Maltraitance à l’hôpital : quand la violence touche aussi les enfants
Christophe, 14 ans et demi, est suivi par son médecin traitant pour une maladie de Crohn (affection chronique inflammatoire du tube digestif).
Il est hospitalisé en urgence, par son médecin traitant, devant la suspicion d'une occlusion intestinale aiguë. Le service de pédiatrie générale étant complet, Christophe est admis, en chambre seule, dans le service de chirurgie digestive adulte. Il subit immédiatement une intervention chirurgicale, en raison d'une menace possible de nécrose d'une anse intestinale.
Après 4 jours, Christophe est pris de diarrhées profuses et de violentes douleurs abdominales. Une fièvre relativement élevée est constatée par le personnel infirmier. Un bilan sanguin confirme l'existence d'une infection. Au cours des 5 jours suivants, l'état général de Christophe se dégrade dans un climat d'indifférence de la part des soignants qui en ont la charge. Les bilans sanguins se succèdent, confirmant une septicémie, mais aucun traitement antibiotique n'est mis en route. Christophe est décrit par ses parents comme un adolescent « fragile » depuis l'annonce de sa maladie. Il est d'un naturel timide, plutôt craintif et pleure facilement.
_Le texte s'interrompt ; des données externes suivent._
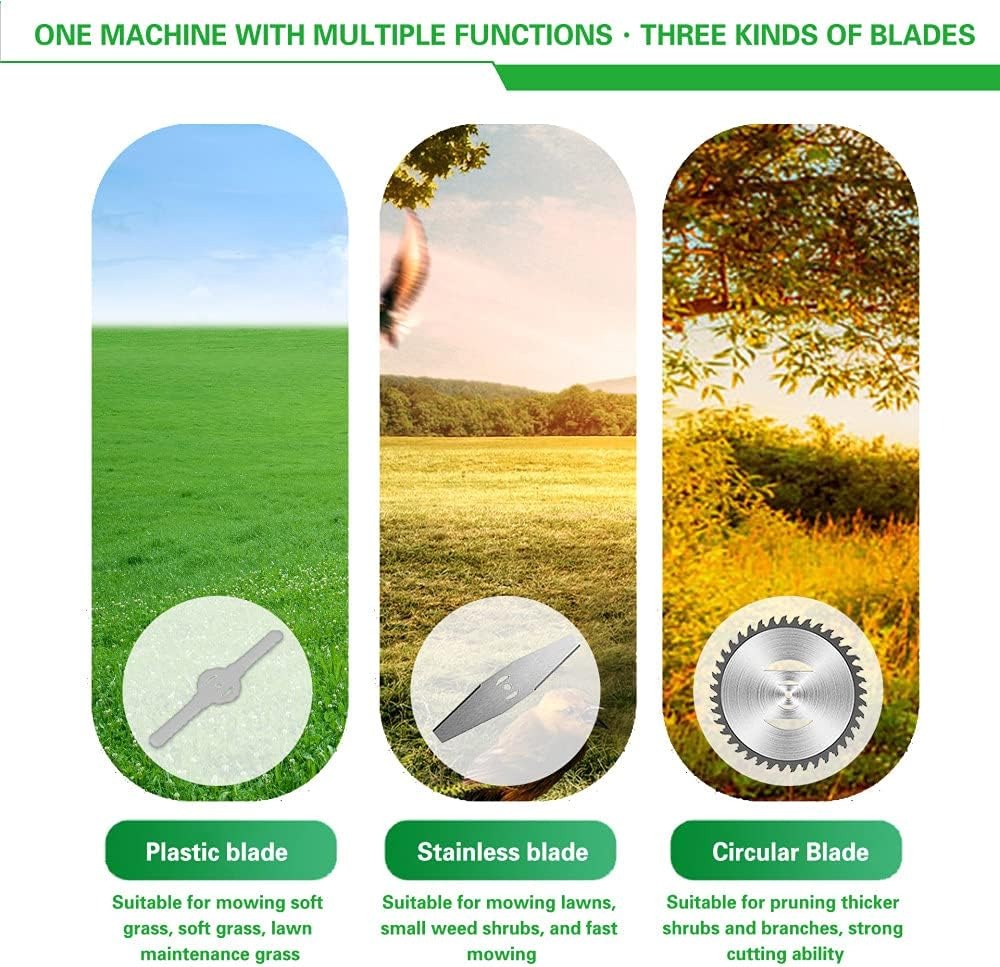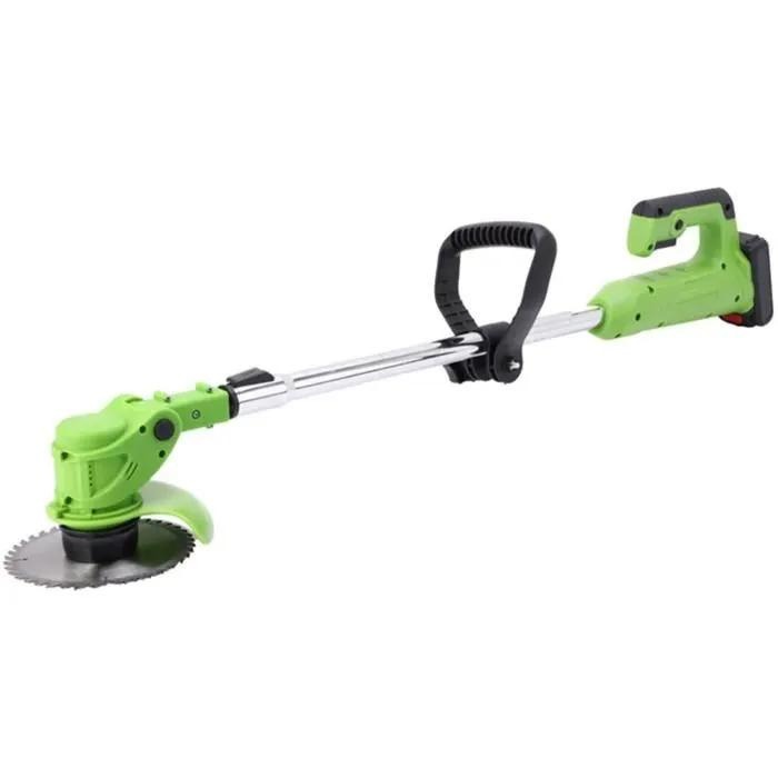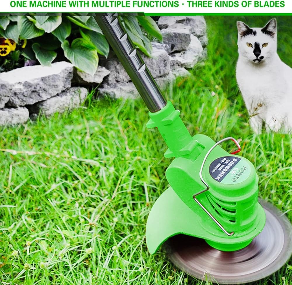 Аккумуляторный садовый триммер газонокосилка с двумя аккумуляторами 36V, 3 вида насадок, телескопическая ручка, зеленый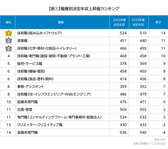 転職後に転職成功者が就いた職種における、2022年度と2023年度の決定年収額を算出し、14職種別に上昇幅をランキング化(【表1.】参照)。上位3位の「技術職(組み込みソフトウェア)」、「営業職」、「技術職(化学・素材・化粧品・トイレタリー)」について解説します。

Pourtant, le personnel infirmier ne semble pas prendre en compte cette dimension pour adapter son comportement, bien au contraire. Au cours des 11 jours d'hospitalisation qui vont précéder son décès, il confie à sa mère être victime de brimades régulières de la part des infirmières, notamment la nuit : « Arrête de pleurnicher... » ; « Nous ne sommes pas là pour ramasser ta m... » ; « Pas la peine de réclamer ta mère, elle ne viendra pas... ». Avec son téléphone portable, il se confie toutes les nuits à sa mère, relatant ses douleurs non soulagées et ses angoisses d'être réprimandé lorsqu'il souille sa chambre, pris de violentes diarrhées.
Les parents, estimant ne pas avoir obtenu une écoute attentive et compassionnelle de la part de la direction et des professionnels de santé, ont saisi le Pôle Santé, Sécurité des Soins, exprimant l'espoir que de tels faits ne se reproduisent plus.
Une réunion entre les parents et l'hôpital à des fins de médiation a été organisée rapidement et chacune des parties a pu s'exprimer librement et défendre ses positions. Le constat dressé, la direction de l'établissement s'est engagée à mener :
- d'une part, une sensibilisation des soignants sur la notion de « bientraitance », en rappelant la charte de l'enfant hospitalisé et, notamment, que les enfants ne doivent pas être admis dans les services adultes, qu'un enfant hospitalisé a le droit d'avoir ses parents auprès de lui jour et nuit quel que soit sont âge ou son état, que l'équipe soignante doit être formée à répondre aux besoins psychologiques et émotionnels de l'enfant et qu'il doit être traité avec tact et compréhension en toute circonstance.
- d'autre part, une réflexion sur la mise en place d'un recueil systématique des cas de maltraitance par les professionnels de santé.